The minute the device was released in North America the lockout chip was already defeated by passthrough devices that took a "real" game and used that for the CIC bootup process. There were also multiple variants of voltage spike attacks and revisions of the console to guard against those, so it was certainly happening otherwise Nintendo wouldn't have wasted time changing the design.
Also, look at the timeline and the history behind Tengen which was essentially a company created by Atari specifically with the purpose of publishing their games on Nintendo and used essentially corporate espionage to get the underlying MPU used for the CIC logic that was a corporate secret. The actual lawsuits get filed a few years once Nintendo had enough evidence, but it was going on from the start of the lifespan of the console.
The NES was released in North America in late 1985. By 1987 there were commercially available games (from Tengen) that were playable without the permission of Nintendo. Tengen was not the only one or even the only method being used to break that console at that time.
And then there is Game Genie, which effectively can work around all of these problems. Sure, they included some logic to play nice and let the NES check the CIC again, but you can work around that with a game genie code itself! In the early days Game Genie and GameShark devices were well known for being vectors for piracy and they leaned into that.
*EDIT* This doesn't even get into the VAST array of devices that existed to clone cartridges or adapt floppy drives similar to how the Famicom did. At worst those required a stupid dummy cart to sit in them that never gets removed or the manufacturer did that for you and put a CIC in the device. Some used various attacks mentioned earlier to work around even having to do that.

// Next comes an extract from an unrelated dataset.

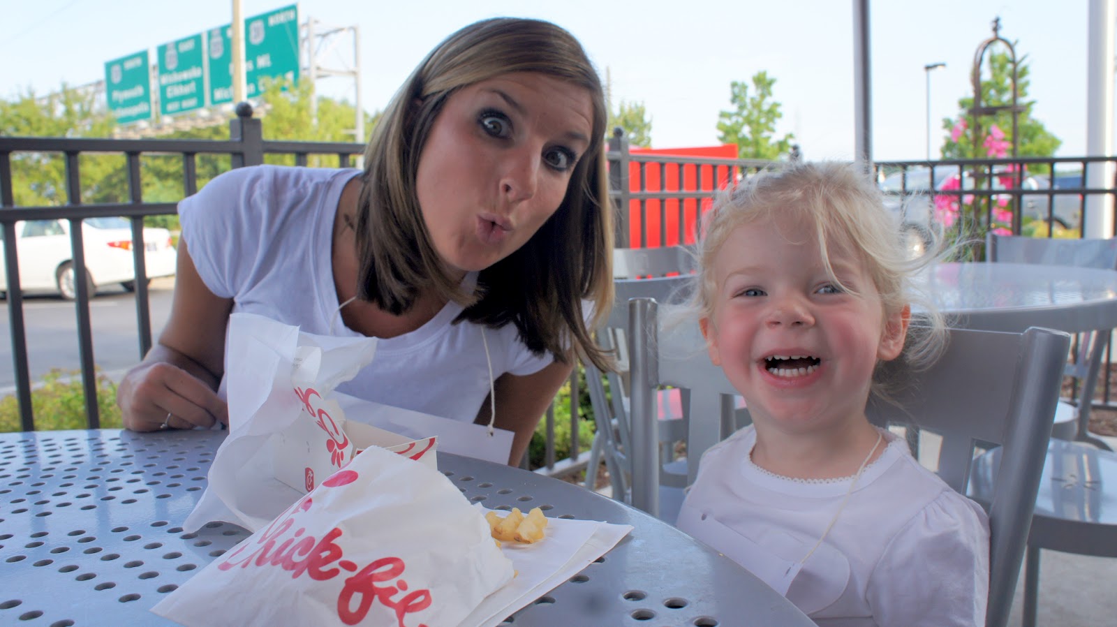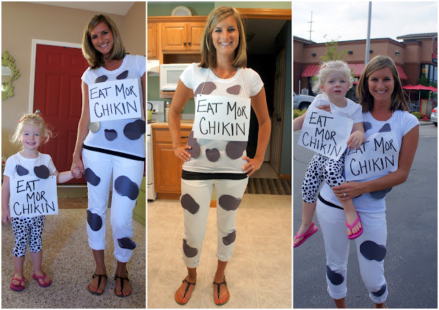 Because I thought I might look strange adorning myself in black spots alone, I drug my niece along. Just to make it look like it was her idea or something. Regardless, I have decided that I would dress up as a cow everyday if it meant a free 12 count of chicken nuggets and waffle fries.
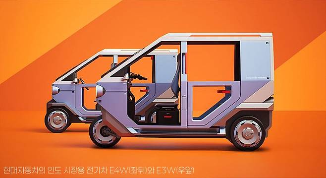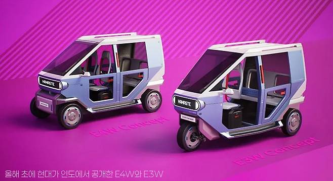 올해 1월에 현대자동차가 인도 교통 상황에 맞춘 소형 전기차량 E3W, E4W 콘셉트를 공개했었습니다. 이들 전기차량 콘셉트를 공개한 행사는 1월에 인도 델리에서 열렸던 ‘바랏 모빌리티 글로벌 엑스포 (Bharat Mobility Global Expo) 2025’ 였다고 합니다.

As an aside to this, are there any documentaries or clips or things to read about "retro" console piracy that necessitated something like the lockout chip? I mean at this point I know about flashcarts but I dont know a thing about back when the NES wouldve been new-ish, let alone before then.
Steam isn't open, Windows OS isn't even open. Windows is "semi-open", in that Microsoft can't stop you for developing and publishing whatever they want on the platform, while still not sharing source code.
Microsoft only has (de facto) control of the Microsoft Store.
you seem to be conflating "open" and "open source"
nintendo doesnt have to make the switch open source to make it open, they just have to allow people to make whatever the hell they want for it, but their business model depends on it being locked down (closed)
A bit, but I don't necessarily mean open source either. My main point is that people call Steam "open" but they in fact do not allow you to make whatever the hell you want. They are infamously vague about what they do or don't allow and devs constantly have trouble contacting them when they have issues, be it getting a game on the store, enabling steam features, keys, abusive users, etc.
Given all that this doesn't feel like a plea to let people publish their games. Just a thinly veiled port begging.
The hardware argument makes even less sense though. People in these circles complain so much about native performance, why would they want to install Linux on a Nintendo Switch like the PS3 days?
Even if they could, it wouldn't let them play switch games better. It doesn't solve the clear problem here that is the super technically minded people wanting to play Mario and Zelda in 4k/60.
I was talking about the Steam Deck. When the original is the Switch, the Steam Deck is the most logical comparison. "Steam" is just an app running on top of the Steam Deck, and that app isn't even privileged on the system. The user could remove it if they wanted to.
"Open" doesn't mean "open source" although in the case of the Steam Deck, it is both (not including the Steam application, but as I mentioned you can use the Steam Deck for whatever you want including removing the Steam application, so it's not a requirement or a blocker. I know someone who installed their own Bazzite flavor that has Steam removed and only uses Lutris to install GOG games).
Also Steam Store's requirements are only for games listed in their store. As has been mentioned, this is not a requirement for running on the Steam Deck. This is in sharp contrast to Nintendo.
Steam =/= steam deck. And even then it's not really playing native Linux games if you argue Linux. Its just emulating (in layman's terms, I know what WINE stands for) where most devs actually make their games for.
Microsoft doesn't seem to care (or it's legally dangerous to care). Nintendo does.
What's happening under the hood (Windows translations layer, etc) doesn't really matter for this comparison of Switch to Steam Deck. It only matters what the user is allowed to do/run on the thing. On Nintendo where it's closed, the user is prevented. On Steam Deck where it's open, the user is not.